[[ DATASET EXCERPT, beginning ]]
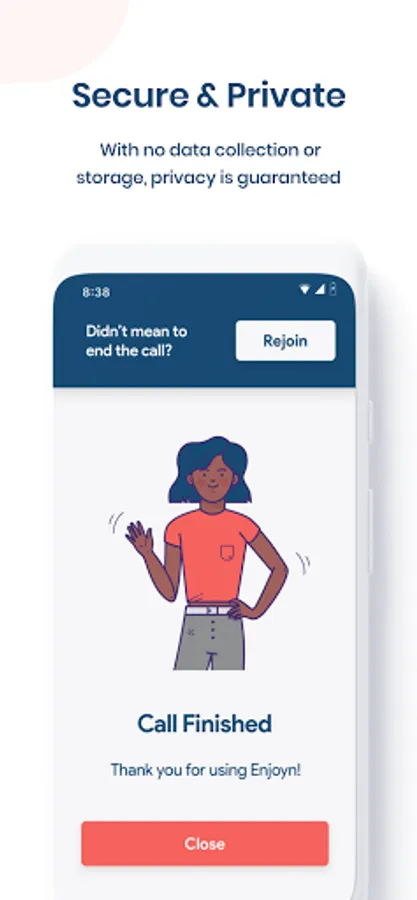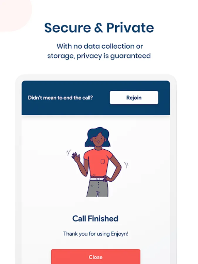 - Secure + Private: Take comfort in knowing calls stay between you and the organization. Enjoyn offers the best security available on the market and with no data collection or storage, privacy is guaranteed.
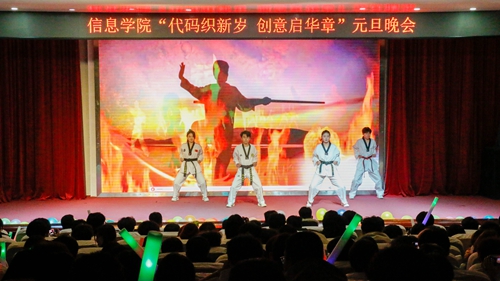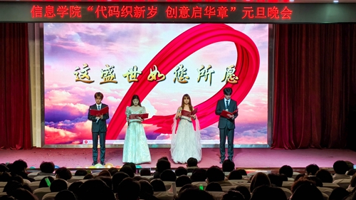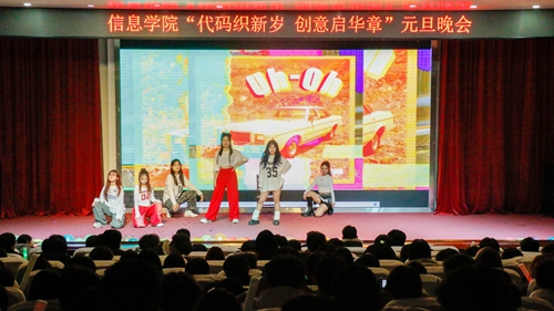 12月14日,信息学院在艺术厅举办“代码织新岁 创意启华章”元旦晚会,信息学院部分学生参与活动。
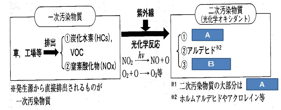 図は光化学スモッグの発生機序を示す。図のAとBとして正しいのはどれか。
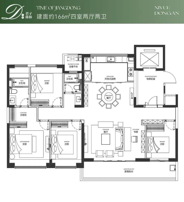 166㎡四房:270° 11 m观景阳台,顶配精装,一步到位。
[[ DATASET EXCERPT, end ]]
> _TRY IT_
Reproduce each line above precisely, with no pictures.

> _RESULT OF THE TASK_
 - Secure + Private: Take comfort in knowing calls stay between you and the organization. Enjoyn offers the best security available on the market and with no data collection or storage, privacy is guaranteed.
 12月14日,信息学院在艺术厅举办“代码织新岁 创意启华章”元旦晚会,信息学院部分学生参与活动。
 図は光化学スモッグの発生機序を示す。図のAとBとして正しいのはどれか。
 166㎡四房:270° 11 m观景阳台,顶配精装,一步到位。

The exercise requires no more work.